## EXERCISE
The material below holds pictures, which are to be left out; copy exactly the lines from the one with "Illustration of Tylahn" through the one with "End Racism Pinback".

## INFORMATION

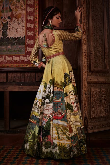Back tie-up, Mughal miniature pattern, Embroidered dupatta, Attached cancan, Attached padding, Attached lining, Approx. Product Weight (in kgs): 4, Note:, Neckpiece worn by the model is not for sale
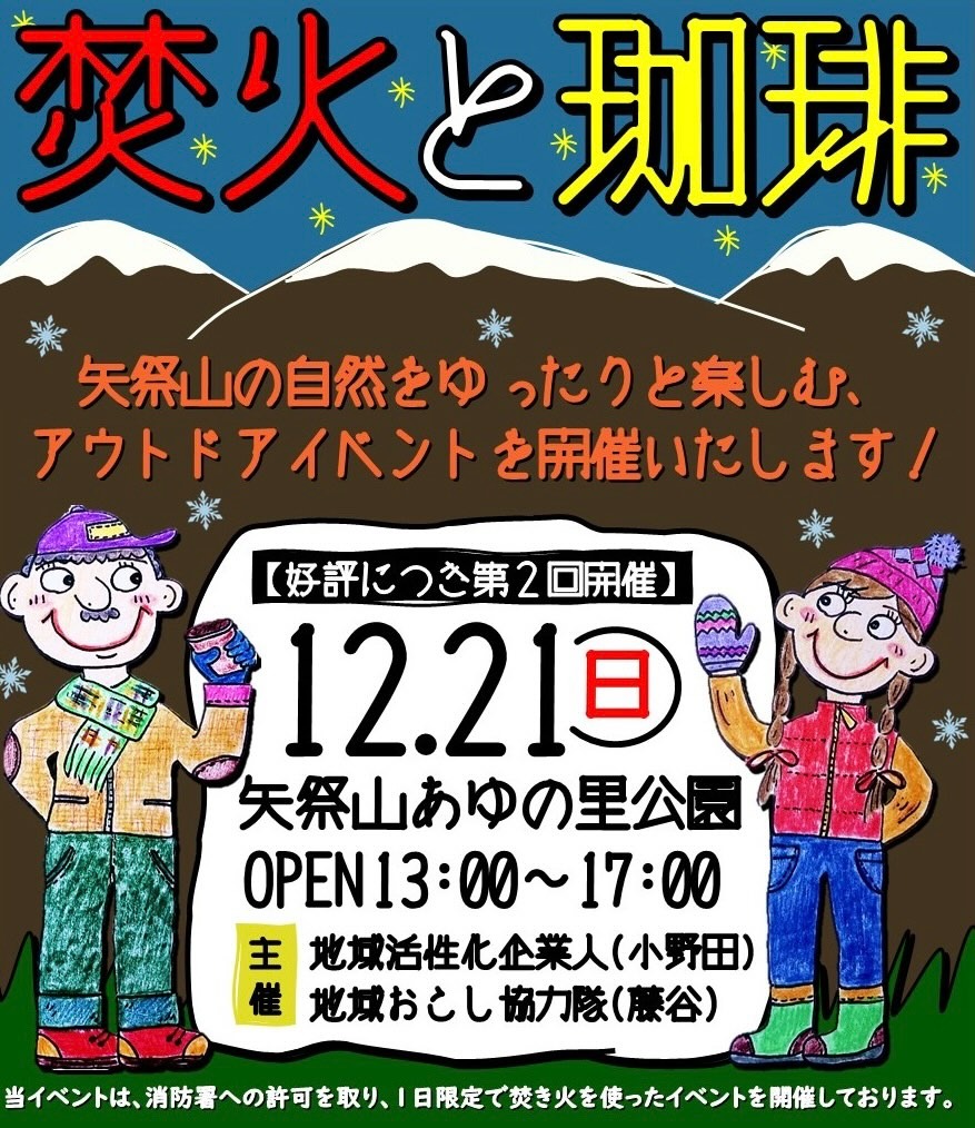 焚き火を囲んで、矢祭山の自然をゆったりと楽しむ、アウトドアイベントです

...

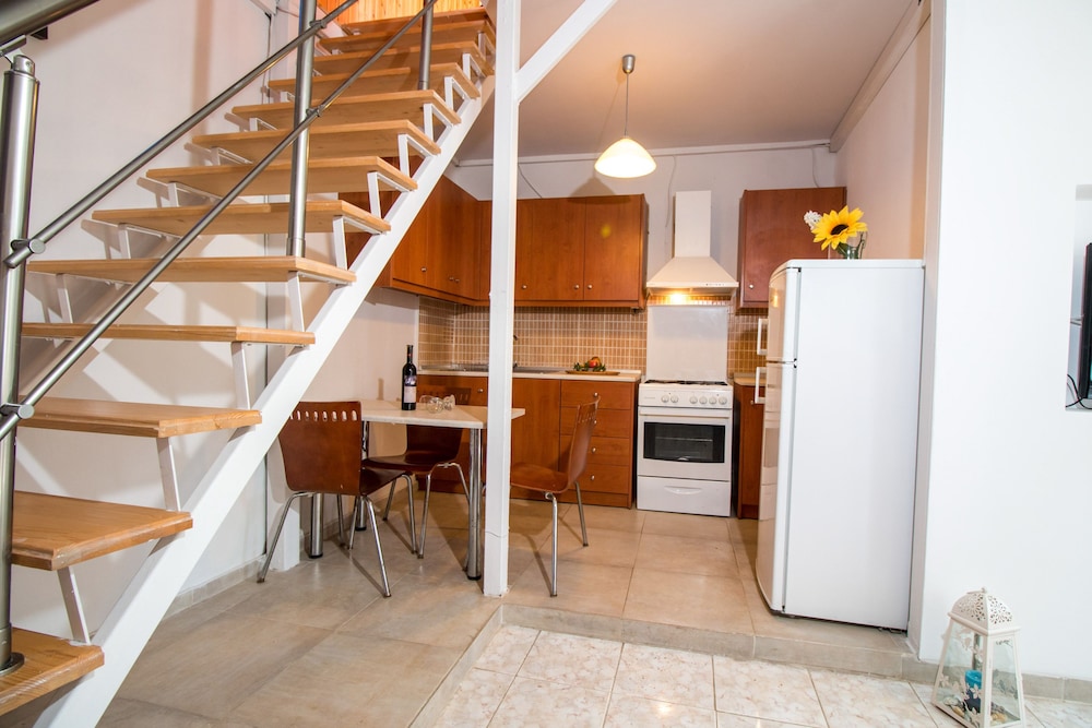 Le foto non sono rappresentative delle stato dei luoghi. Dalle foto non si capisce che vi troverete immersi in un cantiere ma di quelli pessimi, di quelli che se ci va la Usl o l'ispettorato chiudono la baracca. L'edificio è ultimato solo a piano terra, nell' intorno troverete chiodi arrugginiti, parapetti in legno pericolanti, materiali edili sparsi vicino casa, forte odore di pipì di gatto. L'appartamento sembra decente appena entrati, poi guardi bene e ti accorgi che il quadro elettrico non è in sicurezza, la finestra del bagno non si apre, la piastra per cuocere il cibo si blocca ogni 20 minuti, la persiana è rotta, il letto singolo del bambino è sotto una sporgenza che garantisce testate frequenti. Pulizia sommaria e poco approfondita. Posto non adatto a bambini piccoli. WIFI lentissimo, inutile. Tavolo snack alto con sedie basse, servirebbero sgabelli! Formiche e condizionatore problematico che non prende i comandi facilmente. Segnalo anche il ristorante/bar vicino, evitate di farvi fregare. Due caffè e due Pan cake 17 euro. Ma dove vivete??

---

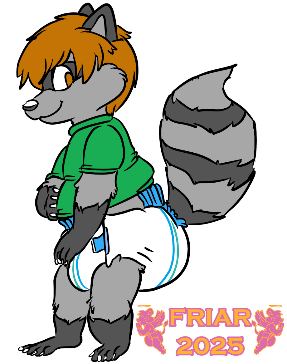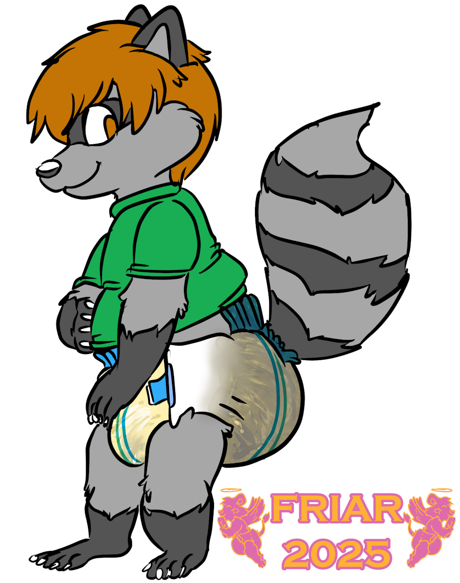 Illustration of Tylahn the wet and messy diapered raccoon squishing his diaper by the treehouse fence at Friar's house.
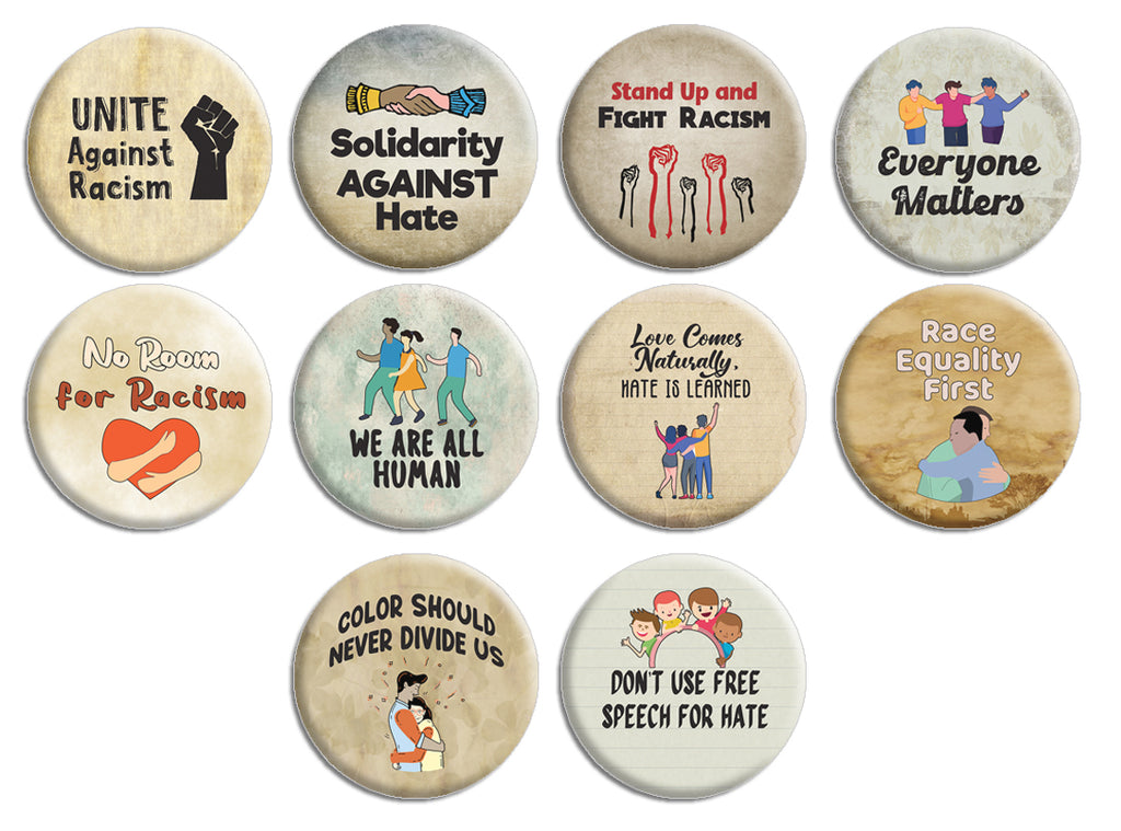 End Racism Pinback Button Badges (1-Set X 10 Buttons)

## RESPONSE BOX
 Illustration of Tylahn the wet and messy diapered raccoon squishing his diaper by the treehouse fence at Friar's house.
 End Racism Pinback Button Badges (1-Set X 10 Buttons)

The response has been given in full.